Split the saved_model into:

  • detection (accelerate with TensorRT)
  • backbone (accelerate with TensorRT)
  • metrabs head (run as is)

I was then able to convert the first two into tensorrt models. the metrabs head have some operations in them that tensorrt does not like, but since they are just the last layer and some function wrappers, they run very fast in tensorflow using the C-API.
I then wrapped these three models in C++ code and get the following timings on an RTX2070:

model fps
efficientnet-l 37
efficientnet-s 50
resnet50 58
resnet152 45

check it out:
https://github.com/tobibaum/metrabs_trt

@isarandi it would be great, if you could have a look over my approach and check whether I made any breaking mistakes. thanks!!

good job

@tobibaum Thank you very much for you great how to!

With your help, I was able to generate the onnx and plan file of the backbone. Until now, I did not the last step (Compile Your C++ Version). I would prefer a python version because otherwise I have to build a cpp extension for that. For my python version I used the engine and inference code of the Nvidia tutorial. But now I get the error

[01/06/2022-14:52:12] [TRT] [I] [MemUsageChange] Init cuBLAS/cuBLASLt: CPU +0, GPU +8, now: CPU 7518, GPU 9372 (MiB)
[01/06/2022-14:52:12] [TRT] [I] [MemUsageChange] Init cuDNN: CPU +0, GPU +10, now: CPU 7518, GPU 9382 (MiB)
[01/06/2022-14:52:12] [TRT] [I] [MemUsageChange] TensorRT-managed allocation in IExecutionContext creation: CPU +0, GPU +27, now: CPU 0, GPU 248 (MiB)
[01/06/2022-14:52:12] [TRT] [E] 1: Unexpected exception 

Cuda, Tensorrt and all other needed libraries are natively installed on my system. The outgoing data consists completely of zeros and there is no error in the python code. Do you have experience with that?
Does this approach also work if I set a dynamic input size in the signature? In my use case I have to change my batch size dynamically during runtime. Sorry for these questions but tensorrt is completely new to me.

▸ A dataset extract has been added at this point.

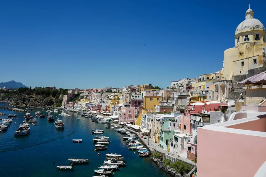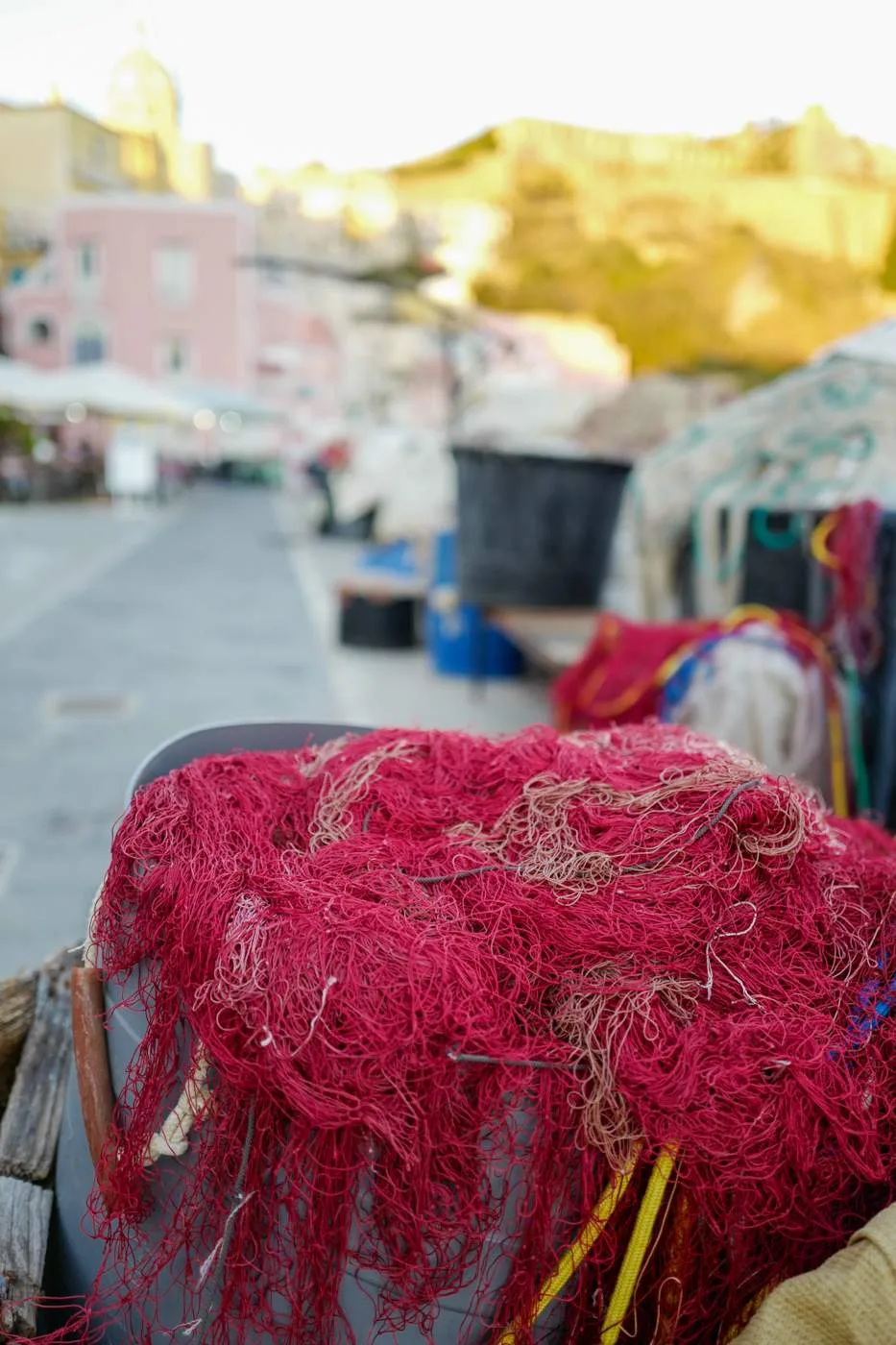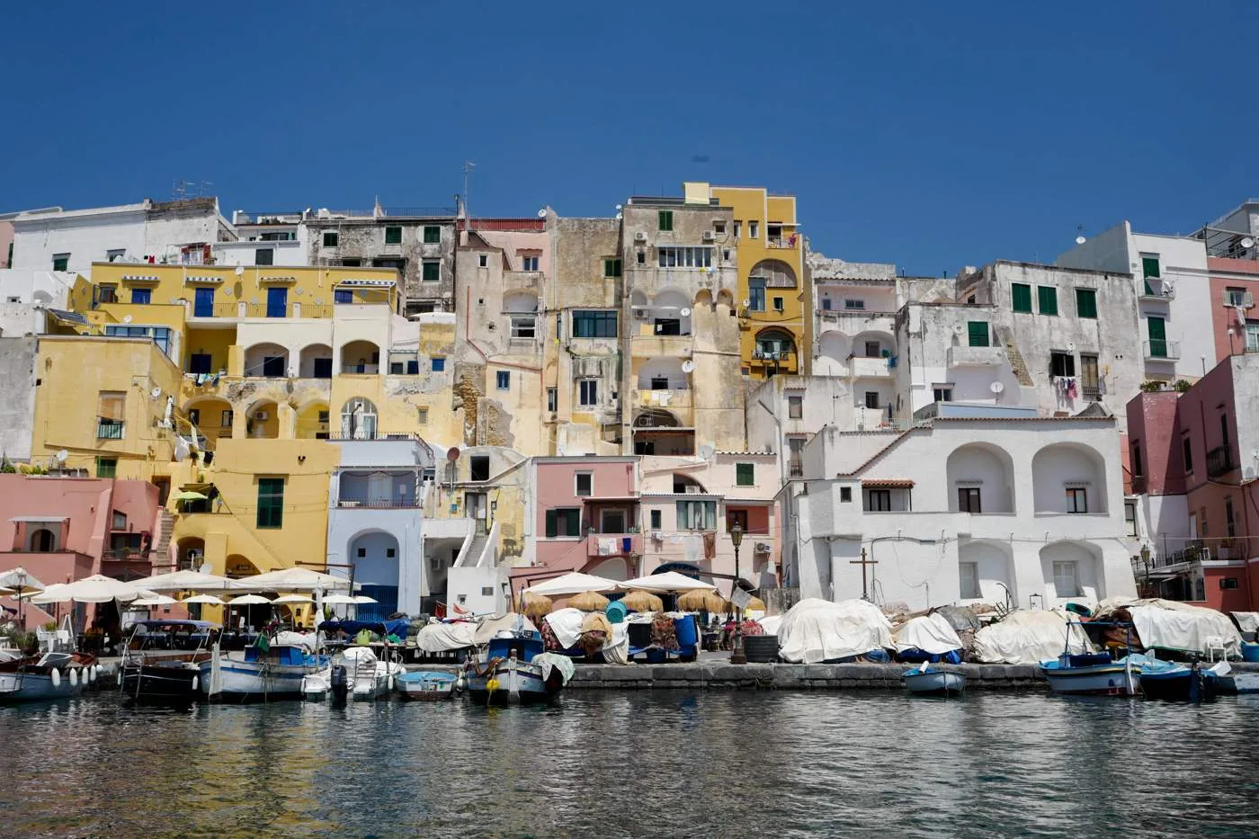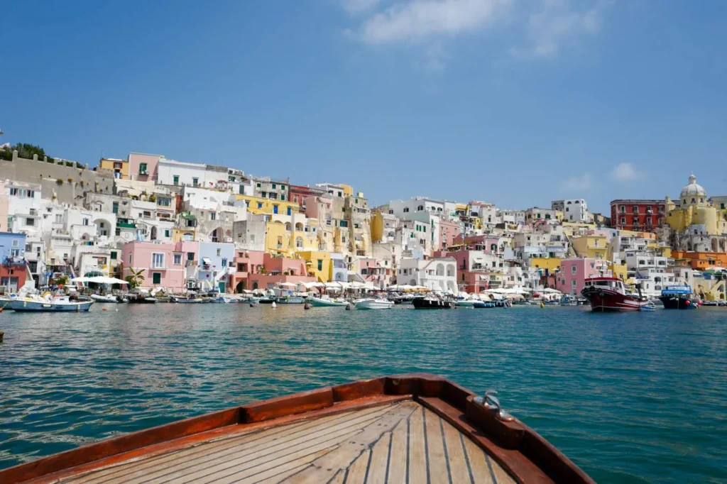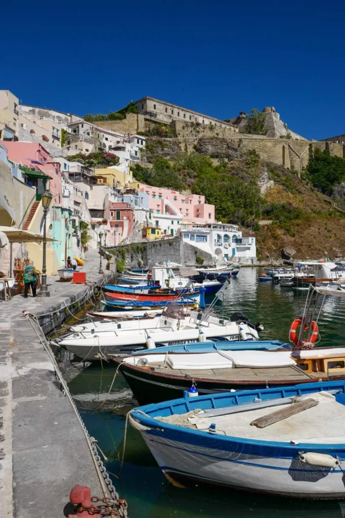 Det holder å være en dag eller to på Procida. Bruk heller lengre tid på Ischia. Det er koselig i havna der de store båtene kommer inn også, men det er virkelig på Corricella-siden det er idyllisk. Fremdeles en aktiv fiskehavn for småbåter og husene er slitte, og i mine øyne helt nydelige.

In the next step, I will try your c++ version. Maybe that works for me.

Hey @Basti110 ,

unfortunately I cannot tell what the error might be here. could you try to run the nvidia inference engine with their models to pinpoint whether the problem is in the setup or the compiled model?

cheers!

Hey,

I think it is only a problem in the python enviroment. The C++ version with tiny-tensorrt works! Thank You.

Thanks for testing my implementation :)